_Task details_. When you repeat the entries, reproduce each line exactly and omit every picture.

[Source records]

▬▬▬▬▬▬

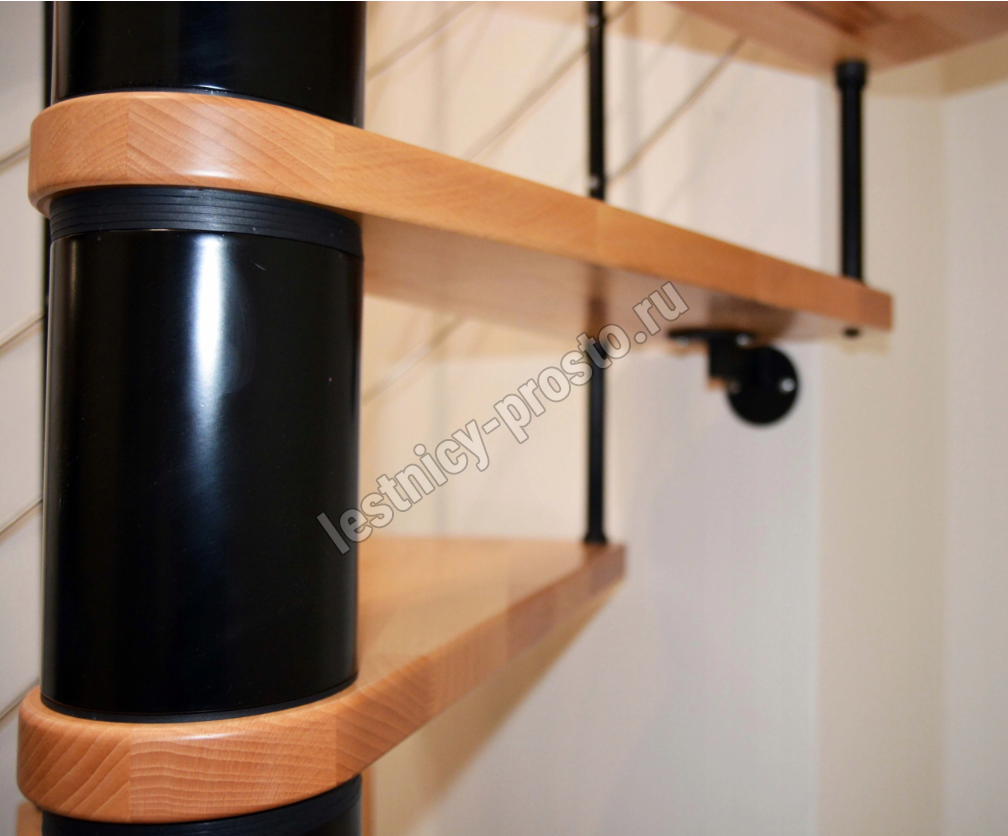 Деревянные ступени и поручни  изготовлены из массива дерева и покрыты специальным лаком от компании Минка, который предотвращает царапины, сколы или стирание поверхности при интенсивном использовании лестницы.
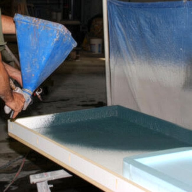 This mix works best within a narrow dosage range. Too little UltraFlow and the material will not spray consistently. Too much and it may slide on vertical surfaces. Always perform a test spray on a vertical board before applying it to your mold.
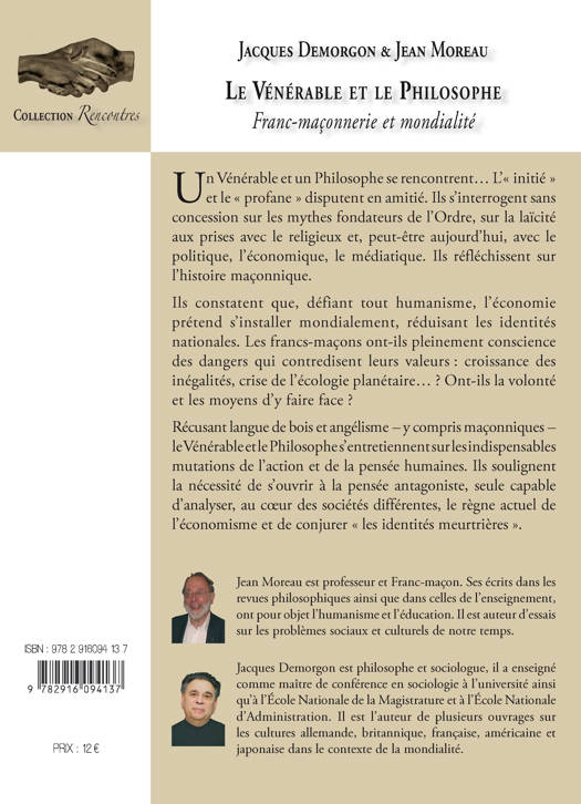 Récusant langue de bois et angélisme - y compris maçonniques - le Vénérable et le Philosophes s'entretiennent sur les indispensables mutations de l'action et de la pensée humaines. Ils soulignent la nécessité de s'ouvrir à la pensée antagoniste, seule capable d'analyser, au coeur des sociétés différentes, le règne actuel de l'économisme et de conjurer « les identités meurtrières ».
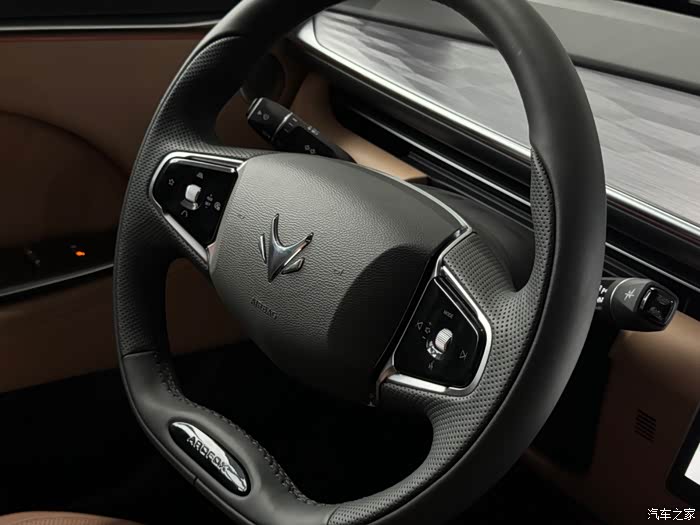 内饰方面,极狐 阿尔法T5采用了T字型的设计布局,中控台上没有任何实体按键,大部分功能均由多功能方向盘、车机屏幕以及语音识别进行操作,具有较强的科技感。两幅式的多功能平底方向盘造型时尚美观,采用皮质的材质,支持上下前后四向调节功能,换挡方式采用了怀挡式的设计。
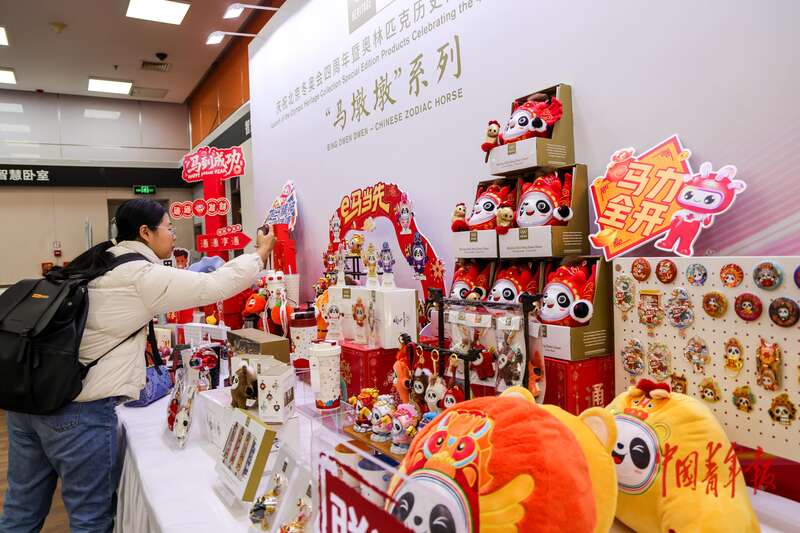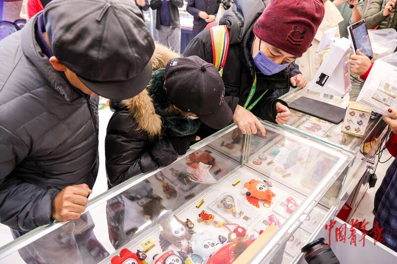 11月28日,北京王府井工美大厦,消费者在柜台前选购“马墩墩”系列产品。中青报·中青网记者 陈思阳/摄
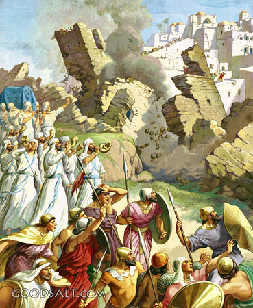 Fall of Jericho Joshua 6 salvation, history, march, conquest, prophecy, seven, sin, joshua, discipleship, israel, jericho, army, commandments, priests, trumpets, walls PROJECTION - License for PowerPoint™ PRINT – buy a print of this picture; optional frame Bible Hub |
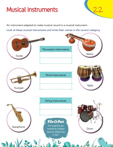 22An instrument adapted to make musical sound is a musical instrument.Look at these musical instruments and write their names in the correct category.GuitarDrumSaxophoneTrumpetVeenaMusical InstrumentsTablaWind InstrumentsString InstrumentsThe saxophone was invented by a Belgian musician, Adolphe Sax in 1841.File-O-FactPercussion Instruments37
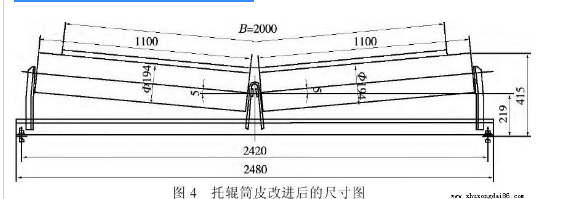 改进措施:由于运输皮带与托辊摩擦只集中在中部,两侧很少用到,因此再次定制托辊时,辊轴尺寸不变,筒皮总长缩短10mm,在维修更换托辊时,如发现已经磨损,热浸锌层遭到破坏的托辊支架,用纱布打磨后喷干式锌粉自喷锌漆,以减少锈蚀,为防止橡胶皮带的撕裂,对于磨损严重的托辊支架予以更换,消除隐患;

▬▬▬▬▬▬

_Result for this task_.
 Деревянные ступени и поручни  изготовлены из массива дерева и покрыты специальным лаком от компании Минка, который предотвращает царапины, сколы или стирание поверхности при интенсивном использовании лестницы.
 This mix works best within a narrow dosage range. Too little UltraFlow and the material will not spray consistently. Too much and it may slide on vertical surfaces. Always perform a test spray on a vertical board before applying it to your mold.
 Récusant langue de bois et angélisme - y compris maçonniques - le Vénérable et le Philosophes s'entretiennent sur les indispensables mutations de l'action et de la pensée humaines. Ils soulignent la nécessité de s'ouvrir à la pensée antagoniste, seule capable d'analyser, au coeur des sociétés différentes, le règne actuel de l'économisme et de conjurer « les identités meurtrières ».
 内饰方面,极狐 阿尔法T5采用了T字型的设计布局,中控台上没有任何实体按键,大部分功能均由多功能方向盘、车机屏幕以及语音识别进行操作,具有较强的科技感。两幅式的多功能平底方向盘造型时尚美观,采用皮质的材质,支持上下前后四向调节功能,换挡方式采用了怀挡式的设计。
 11月28日,北京王府井工美大厦,消费者在柜台前选购“马墩墩”系列产品。中青报·中青网记者 陈思阳/摄
 Fall of Jericho Joshua 6 salvation, history, march, conquest, prophecy, seven, sin, joshua, discipleship, israel, jericho, army, commandments, priests, trumpets, walls PROJECTION - License for PowerPoint™ PRINT – buy a print of this picture; optional frame Bible Hub |
 22An instrument adapted to make musical sound is a musical instrument.Look at these musical instruments and write their names in the correct category.GuitarDrumSaxophoneTrumpetVeenaMusical InstrumentsTablaWind InstrumentsString InstrumentsThe saxophone was invented by a Belgian musician, Adolphe Sax in 1841.File-O-FactPercussion Instruments37
 改进措施:由于运输皮带与托辊摩擦只集中在中部,两侧很少用到,因此再次定制托辊时,辊轴尺寸不变,筒皮总长缩短10mm,在维修更换托辊时,如发现已经磨损,热浸锌层遭到破坏的托辊支架,用纱布打磨后喷干式锌粉自喷锌漆,以减少锈蚀,为防止橡胶皮带的撕裂,对于磨损严重的托辊支架予以更换,消除隐患;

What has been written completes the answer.